## Exercise
Each entry must come back word for word; drop the images as you go.
*** Opening Material for this exercise ***
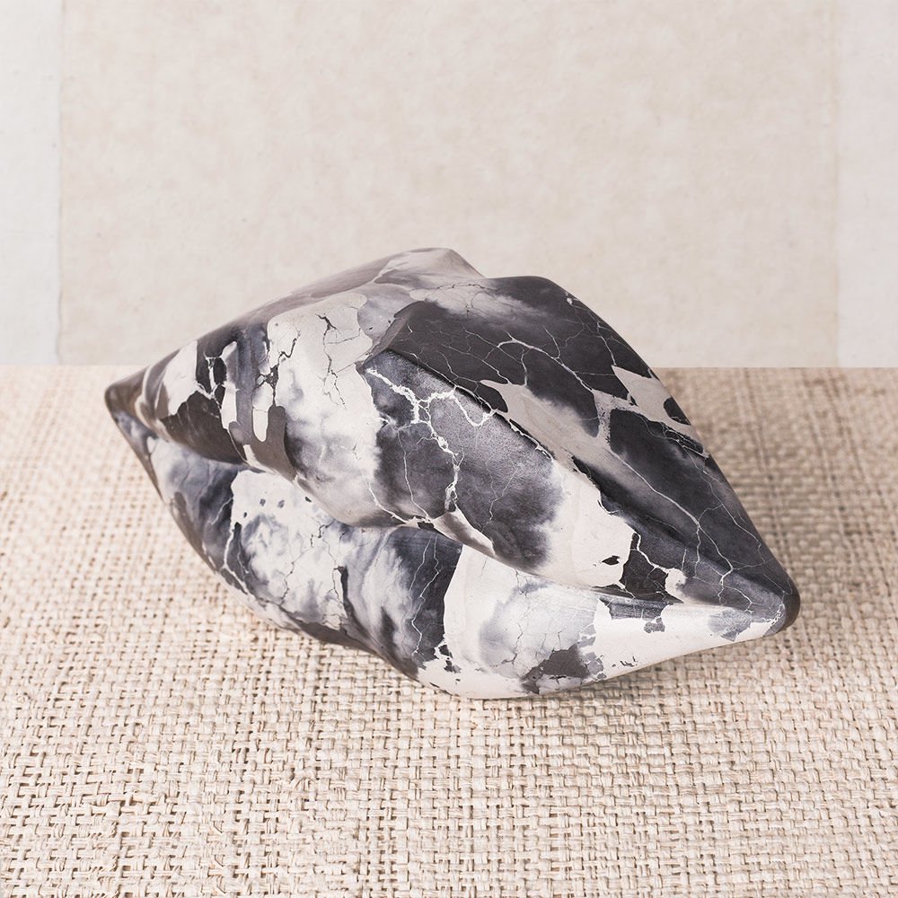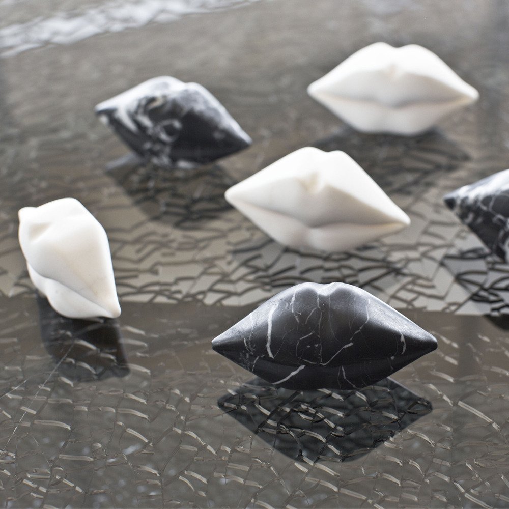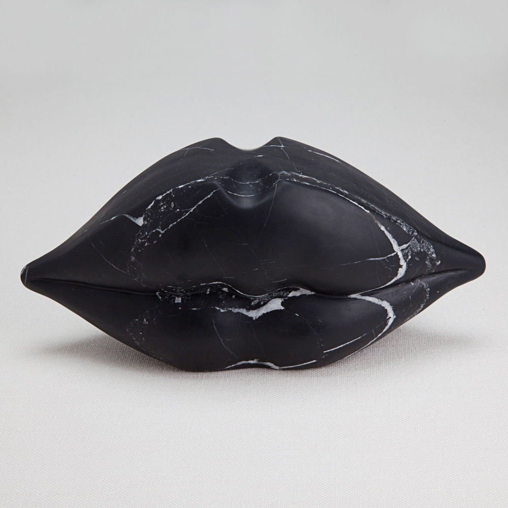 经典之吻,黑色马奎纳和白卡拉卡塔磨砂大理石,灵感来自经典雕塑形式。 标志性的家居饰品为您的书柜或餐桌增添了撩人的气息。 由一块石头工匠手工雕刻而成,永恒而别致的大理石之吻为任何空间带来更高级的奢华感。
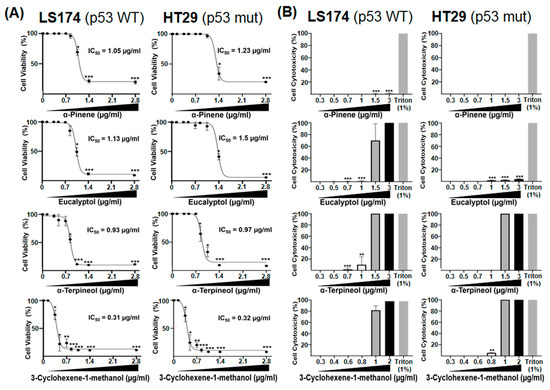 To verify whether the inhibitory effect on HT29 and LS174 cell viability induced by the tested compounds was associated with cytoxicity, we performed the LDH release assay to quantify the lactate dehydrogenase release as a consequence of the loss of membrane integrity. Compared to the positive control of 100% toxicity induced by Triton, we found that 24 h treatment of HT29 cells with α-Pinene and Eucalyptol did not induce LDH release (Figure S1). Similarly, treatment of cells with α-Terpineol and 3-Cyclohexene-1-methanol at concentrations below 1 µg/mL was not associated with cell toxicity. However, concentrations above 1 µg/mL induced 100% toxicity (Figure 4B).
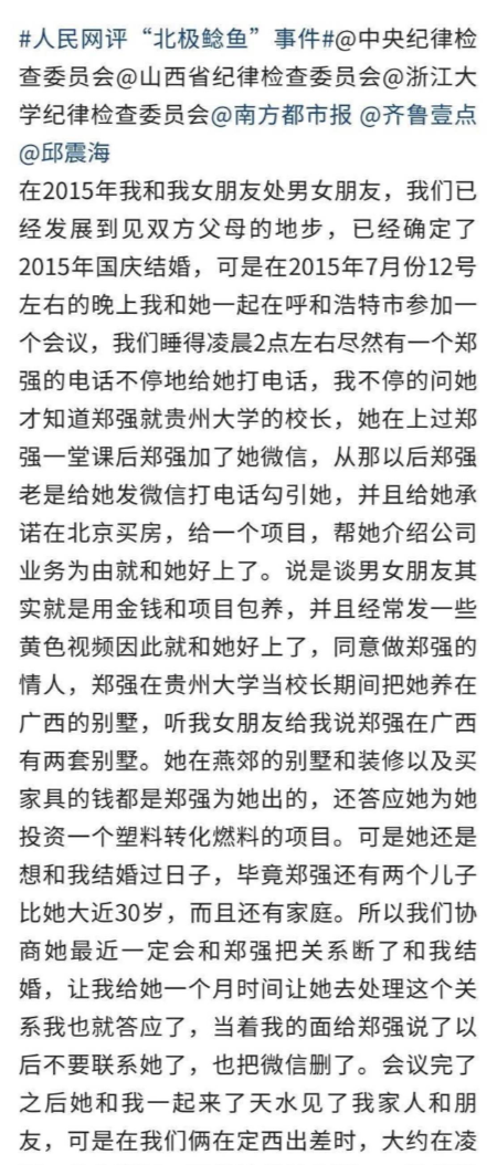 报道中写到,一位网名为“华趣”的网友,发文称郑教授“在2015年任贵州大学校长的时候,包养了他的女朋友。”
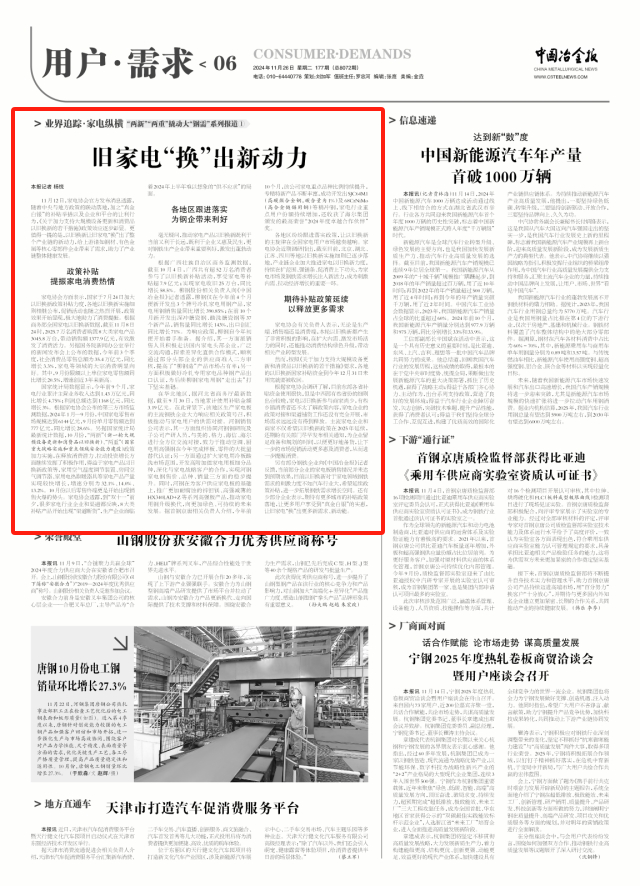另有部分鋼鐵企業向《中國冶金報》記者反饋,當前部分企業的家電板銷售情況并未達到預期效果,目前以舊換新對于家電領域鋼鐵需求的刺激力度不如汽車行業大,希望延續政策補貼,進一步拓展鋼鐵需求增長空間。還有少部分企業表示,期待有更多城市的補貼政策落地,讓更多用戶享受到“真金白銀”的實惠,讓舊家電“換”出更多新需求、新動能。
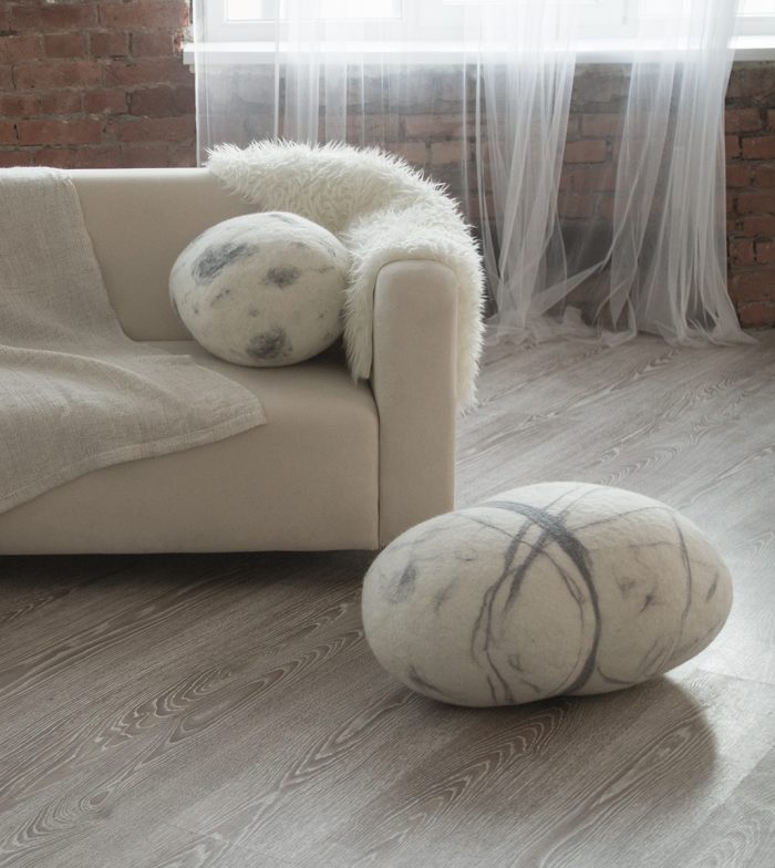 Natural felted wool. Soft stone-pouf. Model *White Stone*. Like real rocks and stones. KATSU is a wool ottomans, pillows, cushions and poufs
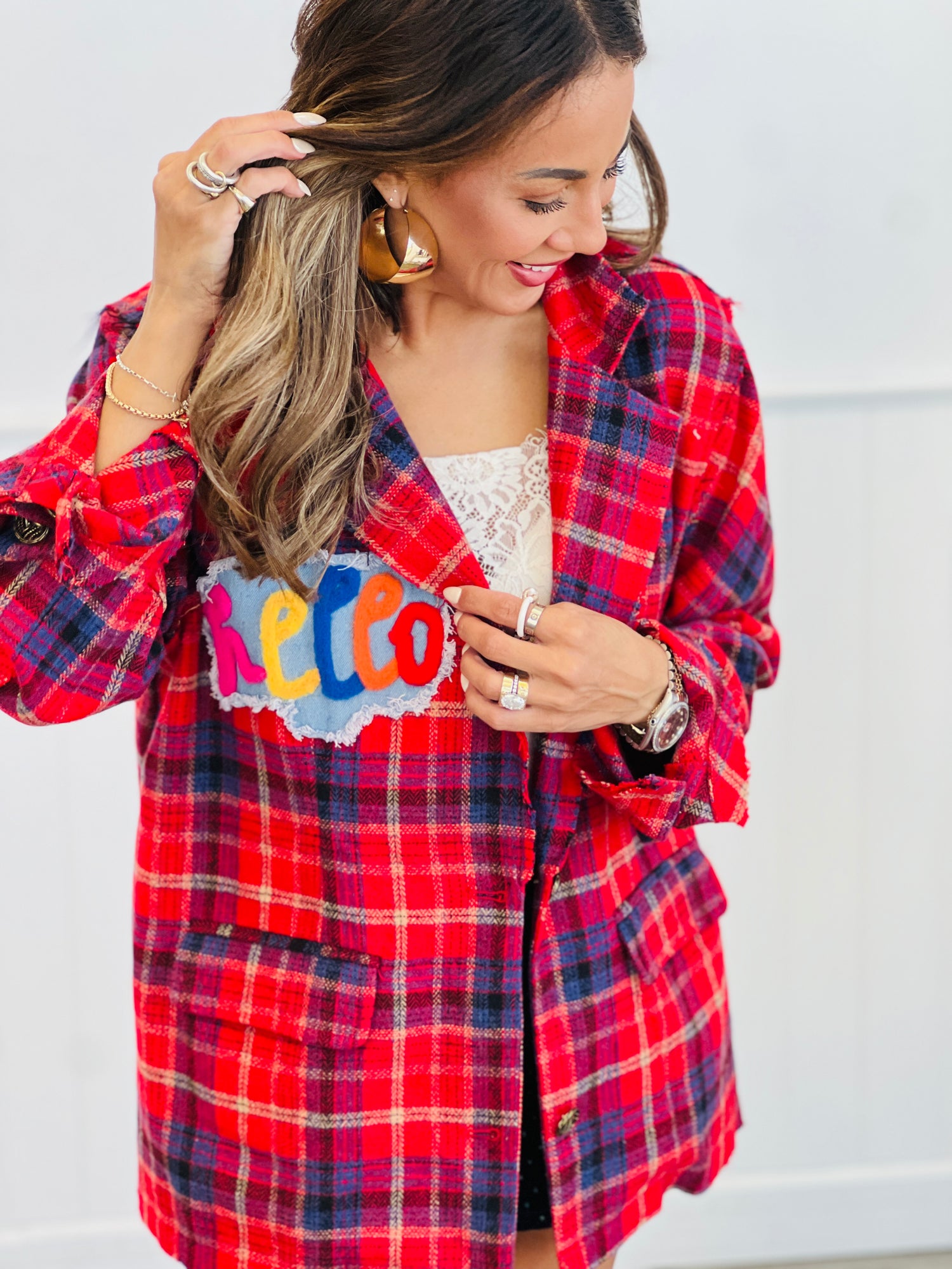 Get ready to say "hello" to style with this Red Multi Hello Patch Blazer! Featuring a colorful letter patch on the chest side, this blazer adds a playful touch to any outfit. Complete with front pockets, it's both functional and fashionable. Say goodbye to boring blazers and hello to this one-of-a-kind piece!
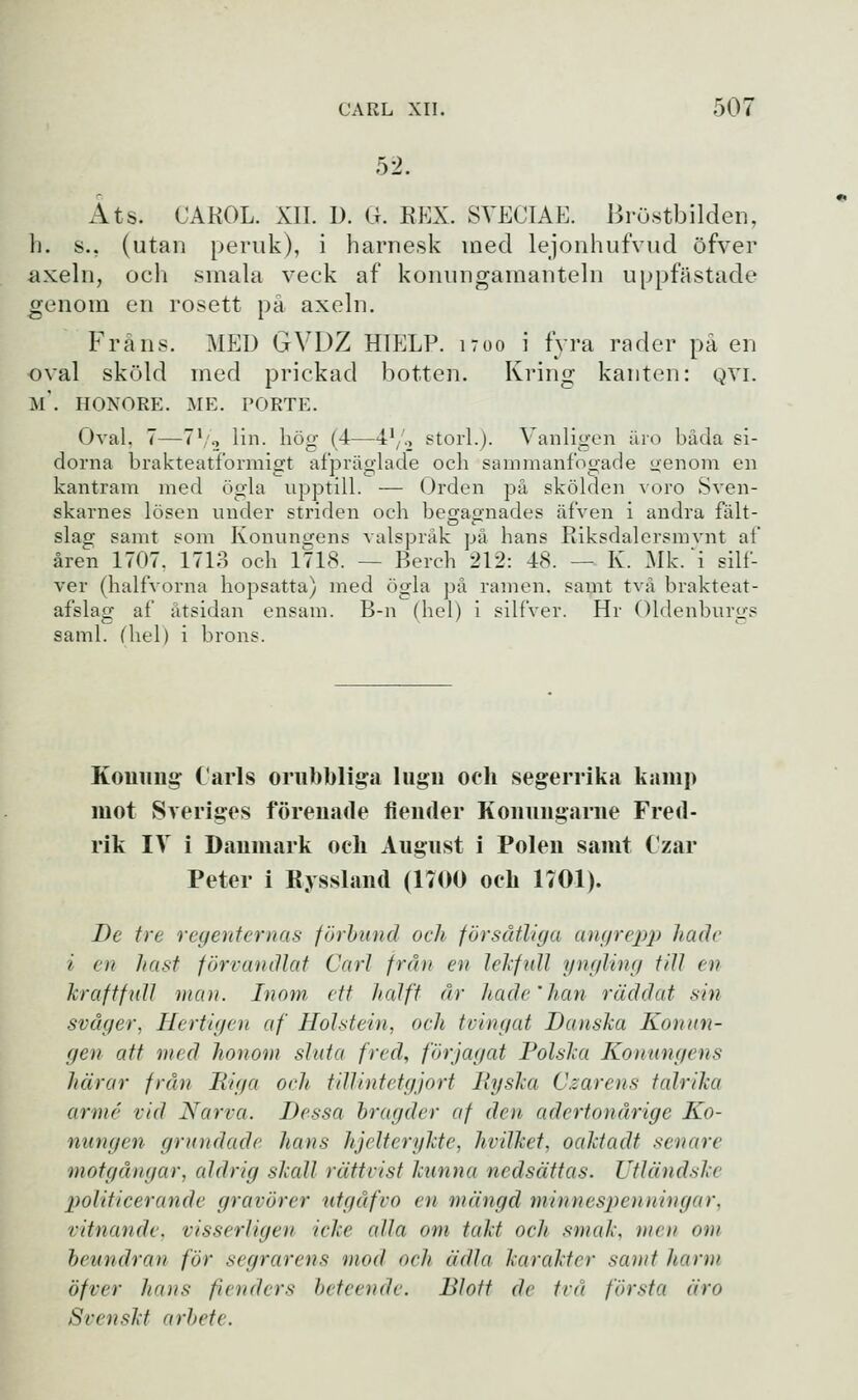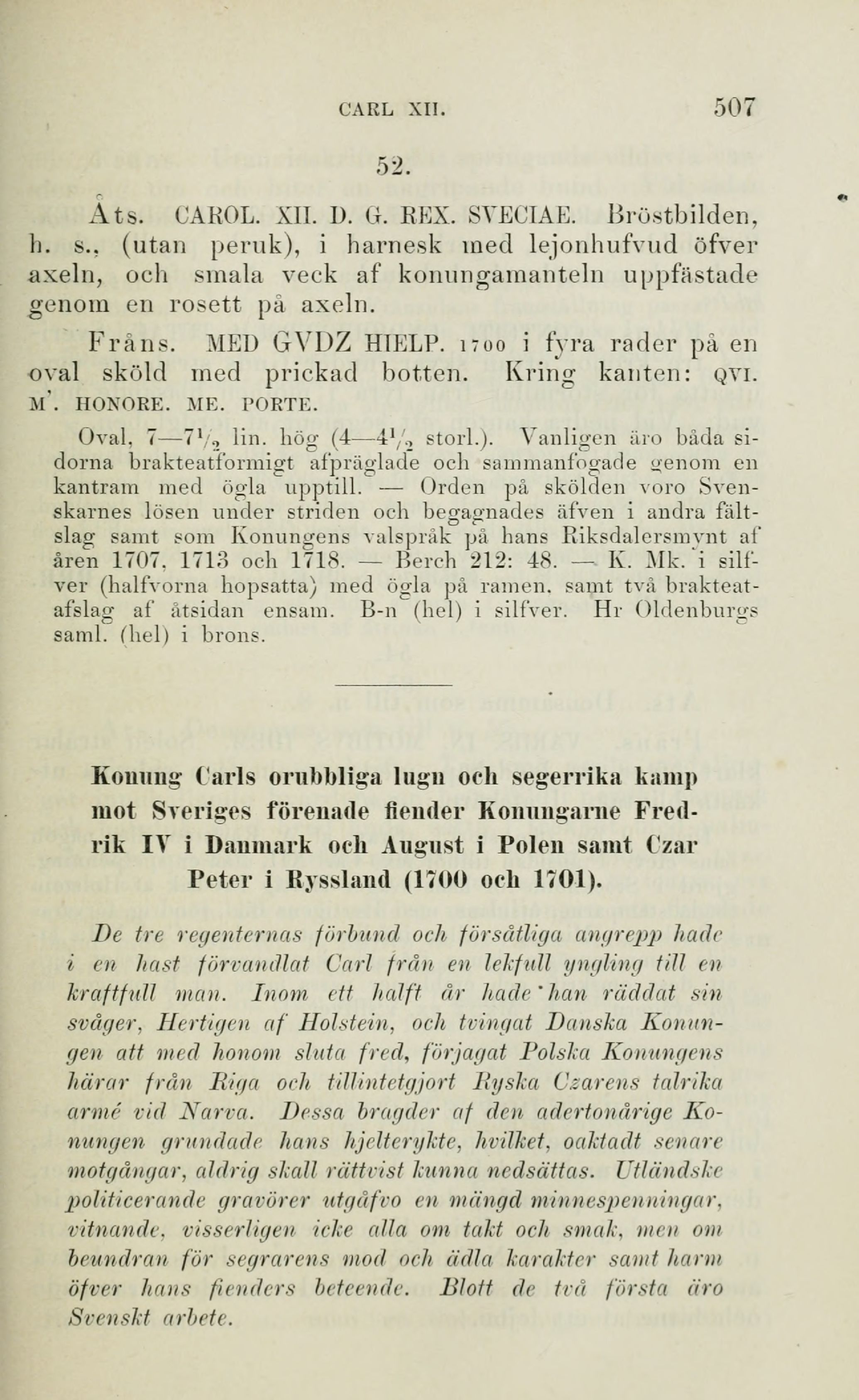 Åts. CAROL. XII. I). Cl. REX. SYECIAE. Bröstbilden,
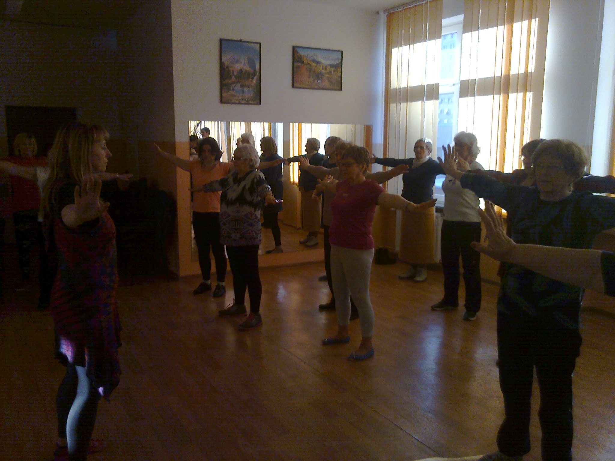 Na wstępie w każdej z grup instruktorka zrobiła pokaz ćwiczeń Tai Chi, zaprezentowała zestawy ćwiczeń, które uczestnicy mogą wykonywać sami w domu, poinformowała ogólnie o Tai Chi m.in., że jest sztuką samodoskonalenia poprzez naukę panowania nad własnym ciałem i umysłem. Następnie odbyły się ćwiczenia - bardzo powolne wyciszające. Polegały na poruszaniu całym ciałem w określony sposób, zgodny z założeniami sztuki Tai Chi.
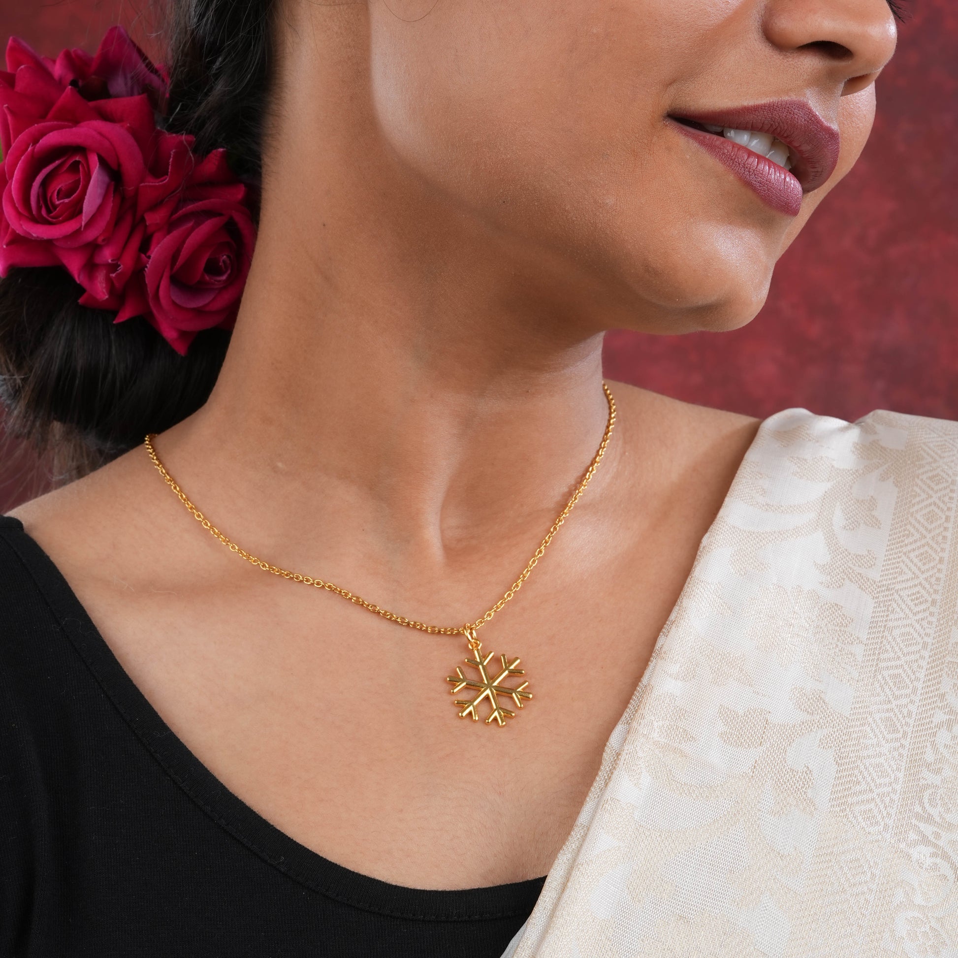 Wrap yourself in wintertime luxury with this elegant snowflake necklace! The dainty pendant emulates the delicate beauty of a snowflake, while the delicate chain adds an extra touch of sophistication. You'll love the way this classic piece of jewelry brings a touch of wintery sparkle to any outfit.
*** Closing Material for this exercise ***
## Answer box
 经典之吻,黑色马奎纳和白卡拉卡塔磨砂大理石,灵感来自经典雕塑形式。 标志性的家居饰品为您的书柜或餐桌增添了撩人的气息。 由一块石头工匠手工雕刻而成,永恒而别致的大理石之吻为任何空间带来更高级的奢华感。
 To verify whether the inhibitory effect on HT29 and LS174 cell viability induced by the tested compounds was associated with cytoxicity, we performed the LDH release assay to quantify the lactate dehydrogenase release as a consequence of the loss of membrane integrity. Compared to the positive control of 100% toxicity induced by Triton, we found that 24 h treatment of HT29 cells with α-Pinene and Eucalyptol did not induce LDH release (Figure S1). Similarly, treatment of cells with α-Terpineol and 3-Cyclohexene-1-methanol at concentrations below 1 µg/mL was not associated with cell toxicity. However, concentrations above 1 µg/mL induced 100% toxicity (Figure 4B).
 报道中写到,一位网名为“华趣”的网友,发文称郑教授“在2015年任贵州大学校长的时候,包养了他的女朋友。”
另有部分鋼鐵企業向《中國冶金報》記者反饋,當前部分企業的家電板銷售情況并未達到預期效果,目前以舊換新對于家電領域鋼鐵需求的刺激力度不如汽車行業大,希望延續政策補貼,進一步拓展鋼鐵需求增長空間。還有少部分企業表示,期待有更多城市的補貼政策落地,讓更多用戶享受到“真金白銀”的實惠,讓舊家電“換”出更多新需求、新動能。
 Natural felted wool. Soft stone-pouf. Model *White Stone*. Like real rocks and stones. KATSU is a wool ottomans, pillows, cushions and poufs
 Get ready to say "hello" to style with this Red Multi Hello Patch Blazer! Featuring a colorful letter patch on the chest side, this blazer adds a playful touch to any outfit. Complete with front pockets, it's both functional and fashionable. Say goodbye to boring blazers and hello to this one-of-a-kind piece!
 Åts. CAROL. XII. I). Cl. REX. SYECIAE. Bröstbilden,
 Na wstępie w każdej z grup instruktorka zrobiła pokaz ćwiczeń Tai Chi, zaprezentowała zestawy ćwiczeń, które uczestnicy mogą wykonywać sami w domu, poinformowała ogólnie o Tai Chi m.in., że jest sztuką samodoskonalenia poprzez naukę panowania nad własnym ciałem i umysłem. Następnie odbyły się ćwiczenia - bardzo powolne wyciszające. Polegały na poruszaniu całym ciałem w określony sposób, zgodny z założeniami sztuki Tai Chi.
 Wrap yourself in wintertime luxury with this elegant snowflake necklace! The dainty pendant emulates the delicate beauty of a snowflake, while the delicate chain adds an extra touch of sophistication. You'll love the way this classic piece of jewelry brings a touch of wintery sparkle to any outfit.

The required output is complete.